Financing is the mechanism by which money is provided, or credit is granted to a person, company, or organization to carry out a project, purchase goods or services, cover the costs of an activity or work or meet its suppliers’ commitments.

Project finance is the funding (financing) of long-term infrastructure, industrial projects, and public services using a non-recourse or limited recourse financial structure. The debt and equity used to finance the project are paid back from the cash flow generated by the project.

If we do not have our resources, we have no choice but to turn to external financing sources, and the first thing that comes to mind is to get into debt with the banks. Until a couple of years ago, the options were clear:

  • Invest your own money and get into debt.
  • Ask for a government fund.
  • Approach seed capital or investors.
  • Apply for a bank loan or go to the Friends, Family, and Fools or FFF system.
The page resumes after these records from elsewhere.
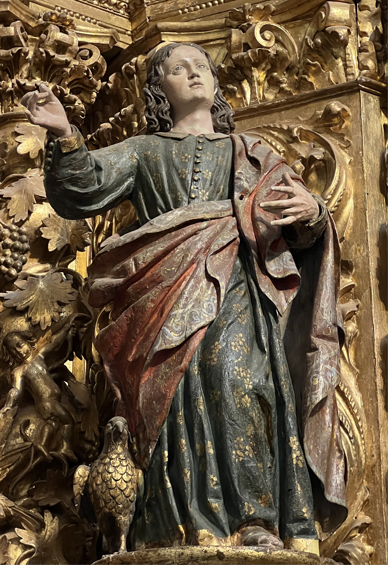 Junto a ella es posible identificar otros componentes de su universo devocional. La Virgen del Rosario tenía una especial significación por su vinculación con la orden dominicana, pues como él mismo expresó en 1691 en una relación enviada al papa Inocencio XII, era “decendente por linha paterna de Dom Pedro Rodrigues de Gusmão, conquistador da vila de Moura em Portugal, neto de Dom Félix de Gusmão, que foi irmão do Patriarca São Domingos” [14]; pero también con la elección personal de los citados Manoel Furtado Botelho y su “cunhada”, a quienes como se ha dicho les concedió licencia para poderse enterrar en una capilla de la Virgen del Rosario, origen del actual colateral de dicha invocación (Fig. 4). Por último, una última devoción personal se representó en la capilla. Nos referimos a san Juan Evangelista, del que el obispo confesó en sus últimas voluntades haber sido devoto desde sus primeros años de vida (Fig. 5).
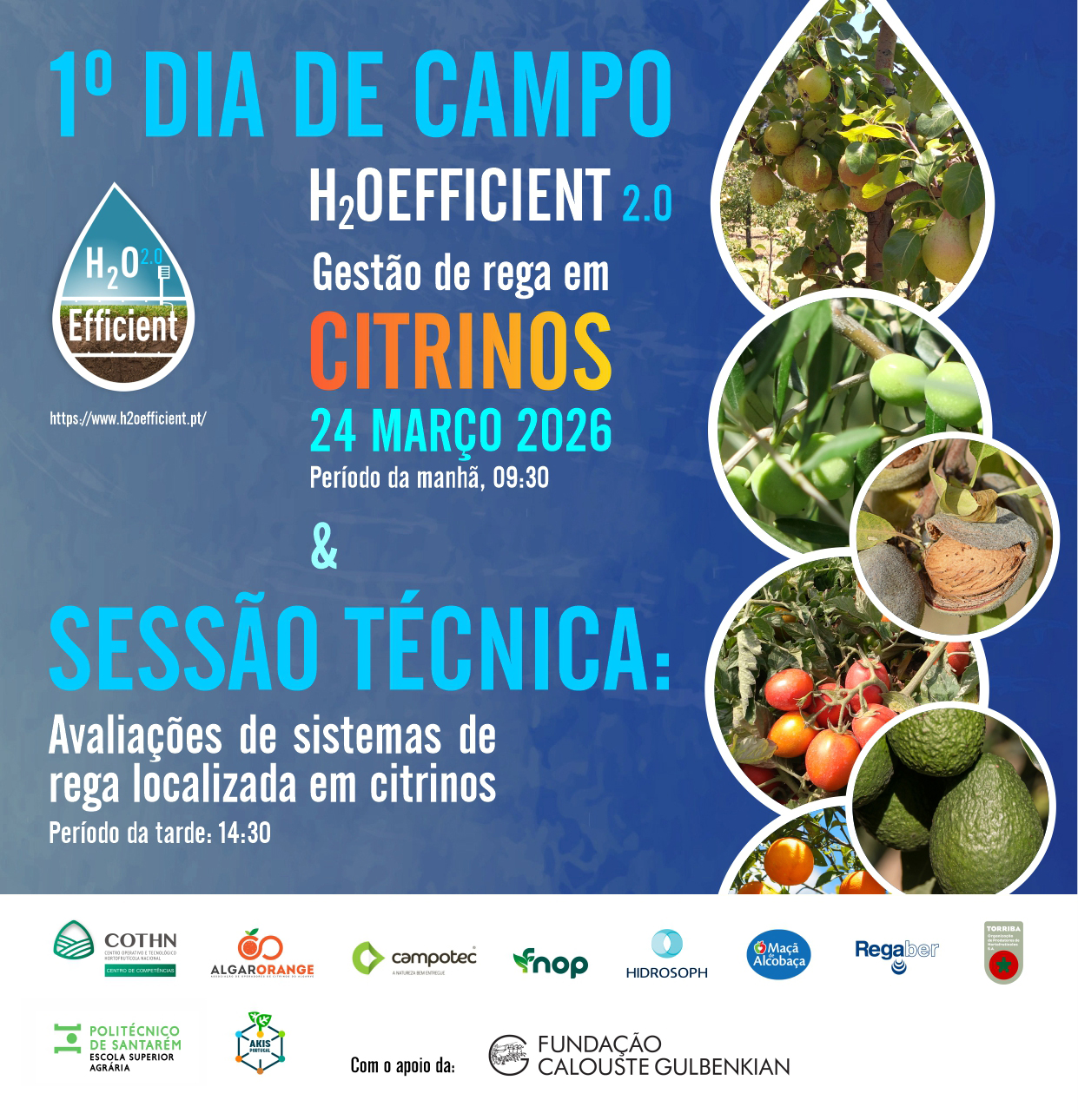 O projeto H2OEfficient está de volta! O COTHN-CC e a Escola Superior Agrária de Santarém, com o renovado apoio da Fundação Calouste Gulbenkian, voltam a unir esforços para trazer práticas de eficiência na utilização de água na agricultura, desta vez em mais culturas como o Abacate, os Citrinos e o Amendoal, para além do Tomate de Indústria e das Pomóideas. Continuamos também os ensaios com a Tecnologia Aqua4D em Tomate de Indústria e este ano estendemos o ensaio desta tecnologia para a Cultura da Pera Rocha.
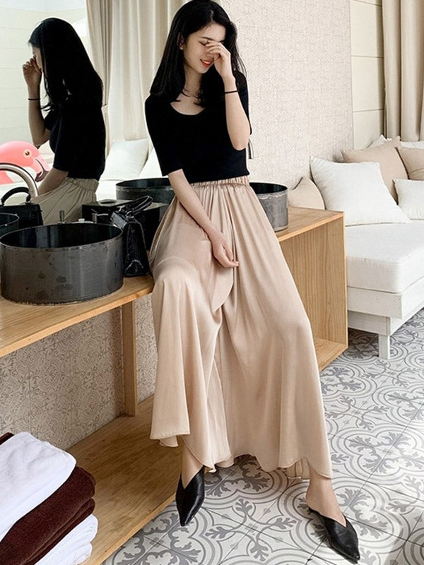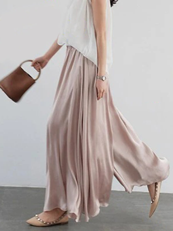 Casual Loose Solid Color Elasticity High-Waist Wide Legs Pants
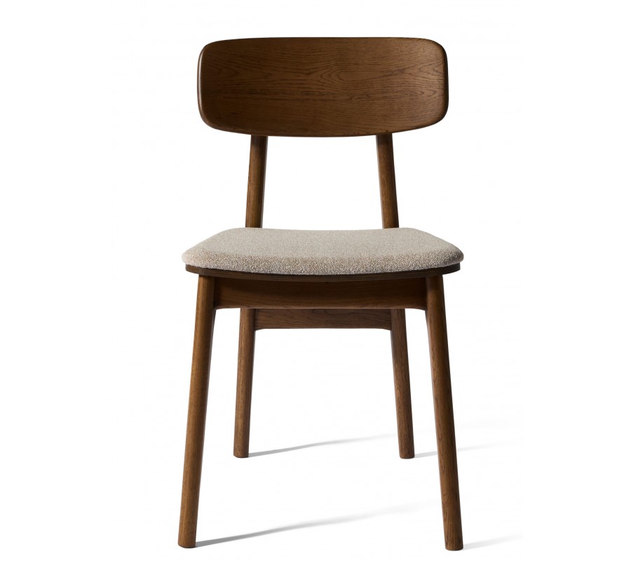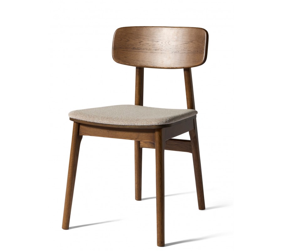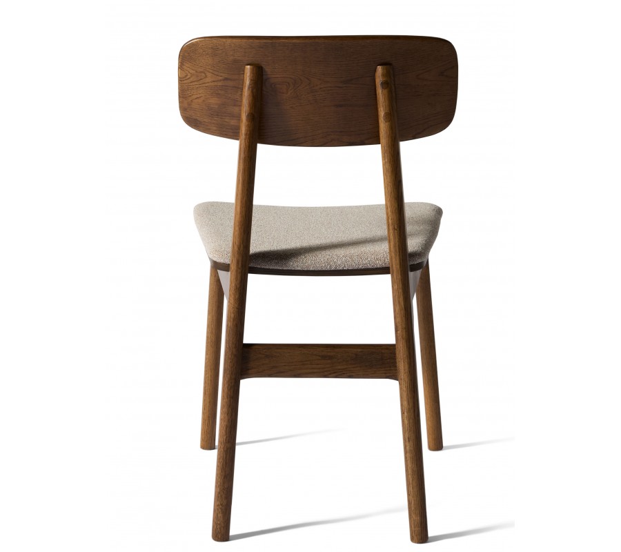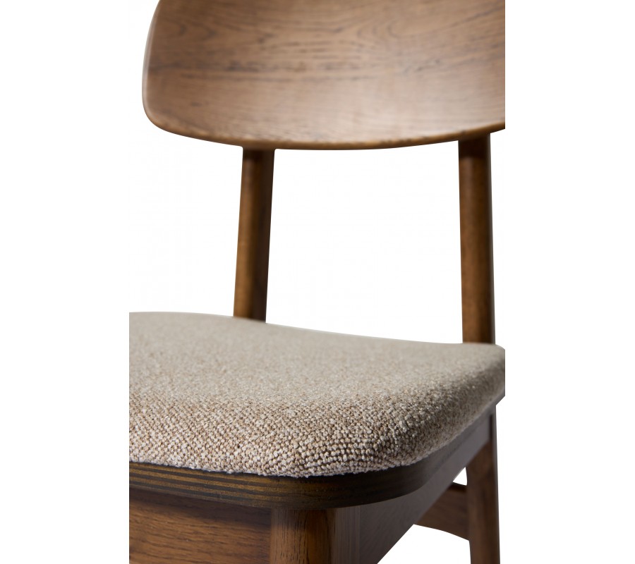Rám stoličky je vyrobený z masívneho dubového dreva. Tmavá hnedá povrchová úprava necháva zachovanú kresbu letokruhov a stoličke dodáva teplý prírodný vzhľad.

As a consequence of the expansion of digital models and the global financial crisis of 2008 that caused the loss of credibility of economic systems and the decrease of credit available to Micro, Small, and Medium Enterprises, the financial industry diversified.

Financing is an essential driver for the development of the economy, as it allows companies to access resources to carry out their activities, plan their future, or expand. The most common way to obtain financing is through loans or credits from banks. In general, it is money that must be repaid in the near or distant future, with or without interest, in whole or in installments. Here are a couple of the most common options:

  • In terms of timing, there are two types of financing: short-term and long-term.
  • Short-term financing: this is financing with a maturity of less than one year, such as, for example, bank loans.
  • Long-term financing: this is financing with a maturity of more than one year, although it may also have no deadline for repayment (when it comes from friends or relatives). This is the case of capital increases, self-financing or specific bank loans.
  • Depending on where they come from, financing can be divided into external and internal.
  • Internal financing: this is when the company uses its economic means, the product of its activity, to reinvest its profits in itself. It may come from reserves, own funds, amortizations, etc.
  • External financing: this comes from investors who are not part of the company—for example, bank financing or financing from a sponsor.
  • Financing can also be distinguished by taking into consideration the ownership of the project funding.
  • Own financing: is composed of those financial resources that belong to the company and that the company is not obliged to repay, such as reserves and capital stock.

External financing: this is composed of all the money that, although it is in the company, belongs to third parties and has entered the company through loans, so that at some point, it must be repaid.